# My Poodle is a snapper



## N2Mischief (Dec 3, 2012)

She sure is cute! Looks like a little "Lou"! 

I won't be much help. I had a Jack Russell that was very fearful, especially of men. His favorite thing was a ball, so any time a man came to the door I would have him throw the ball. As Stogy got older he started associating men with his ball and would run and get the ball on his own and follow men around trying to get them to play. He still didn't want them to touch him though.

There are many very educated people on the forum. I'm sure you will get some great advice!


----------



## fjm (Jun 4, 2010)

I've had some success with my neighbour's reactve terrier using BAT (Behavior Adjustment Training) techniques Official Behavior Adjustment Training (BAT) site: humane help for aggression, frustration, and fear in dogs, horses, and other animals., although I found with her that once she was sure that I could protect her, she just wanted to be past the other dog as quickly as possible, so walking briskly past works better than sitting and waiting for the other dog to go by. I make sure that I am always between her and the other dog, that I step in to fend off any dog that comes to close, that she does not get yanked or scolded for reacting, and that she gets lots of praise and treats for getting it right! Recognising that fear is driving the behaviour is key - it means that you realise that she needs to feel protected, and that her confidence needs building, rather than believing that she is being "dominant" and needs squashing.
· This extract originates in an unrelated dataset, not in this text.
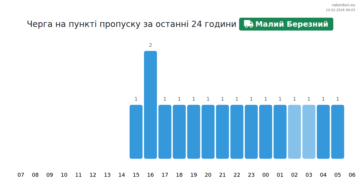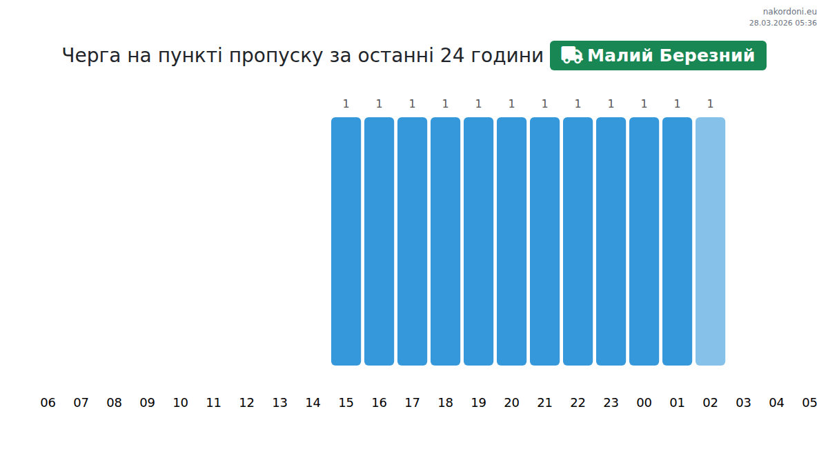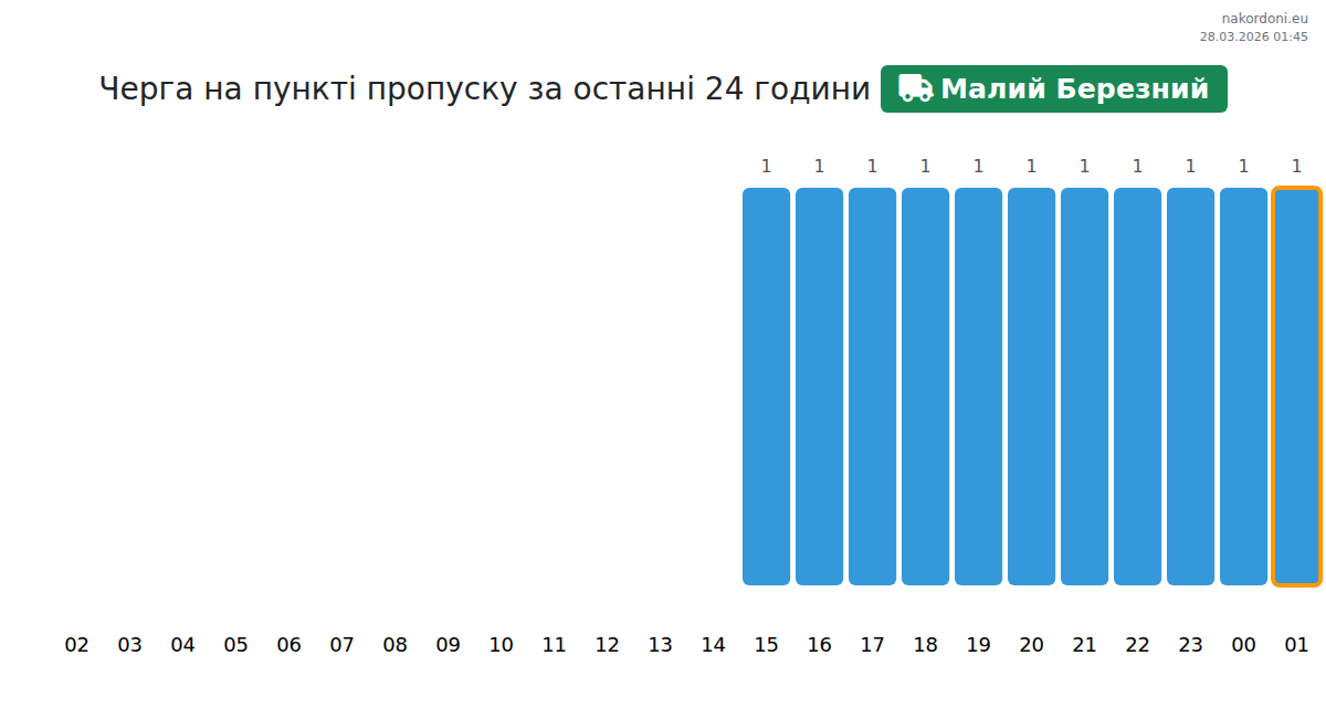 За да избегнете дълги опашки на границата на КПП Малий Березний - товарен транспорт (до 3,5 тона), препоръчваме да планирате преминаването на границата в часовете с най-малко натоварване. Според данните от изминалия ден, най-малкият брой превозни средства е наблюдаван между 4:00 и 5:00 часа. Това е идеалното време за преминаване на границата, за да спестите време и да избегнете закъснения.

You may also find Patricia McConnell's Feisty Fido and Cautious Canine helpful: Dog Training & Dog Behavior Books | Patricia McConnell

If your dog snaps at people, I would think carefully about the potential dangers and law suits, particularly if a child were involved, and consider a suitable muzzle if she is ever in a situation where she may be pushed too far.


----------



## georgiapeach (Oct 9, 2009)

I too, recently adopted an extremely fearful dog (Sunny). He's so fearful that he's currently on Prozac to help him in transitioning between a life lived in a puppy mill for 6 years, to living for over a year in a kennel environment at a rescue, to finally ending up with us. He was a fear biter while in rescue; hence the Prozac. I don't think he'll ever be "right", but hopefully, he'll improve and become happier. He's already made good progress in the short month we've had him. This sounds like what your girl has done, at least with you.

I have no illusions that Sunny will become a happy, go lucky poodle. He had 7 years of living in fear, which would be so hard to overcome. We already know that we'll be crating him when other people come over. We don't have visitors that often, so frequent socialization opportunities aren't possible. We're just now starting to go for walks, and if people come up and want to pet him, I tell them no (and tell them why). The stress created by having to face new people may always be too much for him. We're hoping to wean him off the Prozac eventually, once he becomes comfortable with us.


----------



## lily cd re (Jul 23, 2012)

Barb A, I am glad to see you posted with some more description of your concerns here. I knew people would see your post and give good advise. I agree with fjm about the resources she suggests. Georgiapeach has good rescue experience too and she is just in the transition to new home phase with her current dog Sunny. You could also think about hiring a behaviorist to give an evaluation.


----------